Hiroshi Miyamoto MD, PhD, Chikara Kunisaki MD, PhD, Sho Sato MD, PhD, Yusaku Tanaka MD, Kei Sato MD, Takashi Kosaka MD, Norio Yukawa MD, PhD, Hirotoshi Akiyama MD, PhD, Yusuke Saigusa PhD, Itaru Endo MD
Thoracic Oncology
Volume 26, Issue 6 / June , 2019



The tumor, node, metastasis classification system for staging esophageal cancer does not include tumor volume although it may be an important prognostic factor. We evaluated the prognostic value of tumor volume in esophageal cancer.
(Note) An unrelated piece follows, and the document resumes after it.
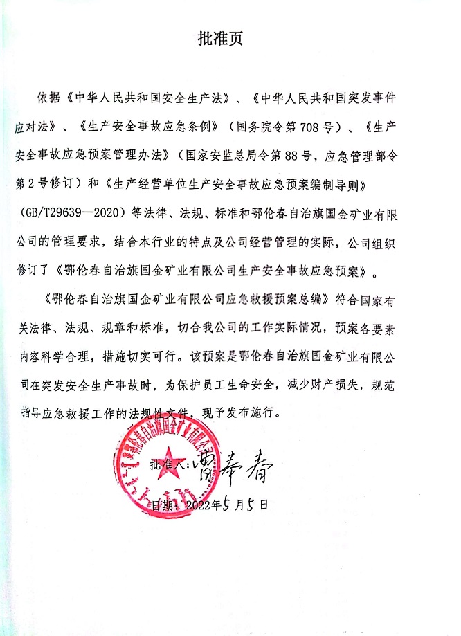 鄂倫春自治旗國金礦業(yè)有限公司生產(chǎn)安全事故應(yīng)急預(yù)案

We performed a retrospective study in patients with histologically confirmed primary esophageal cancer who underwent curative esophagectomy at our facility between April 1992 and December 2013. The Tumor Depth Parameter (TDP) was defined as mucosa = 1, submucosa = 2, muscularis propria = 3, adventitia = 4, and invasion into adjacent organs = 5. The pathological Tumor Volume Index (TVI) was defined as the major axis × the minor axis × TDP. The appropriate tumor diameter and TVI cutoff values were determined by the Youden index obtained from the receiver operating characteristic curve. Prognostic factors for overall survival were evaluated by univariate analysis and Cox proportional hazards regression models.


We enrolled 302 patients. In the univariate analysis, patient age and sex, thoracoscopic surgery, tumor depth of invasion and diameter, lymph node metastasis, and the TVI were significantly associated with overall survival. In our multivariate analysis, patient age and sex, thoracoscopic surgery, lymph node metastasis, and the TVI were independently associated with overall survival.


The pathological TVI was an independent prognostic factor in patients with esophageal carcinoma and could be included in the staging system of esophageal cancer.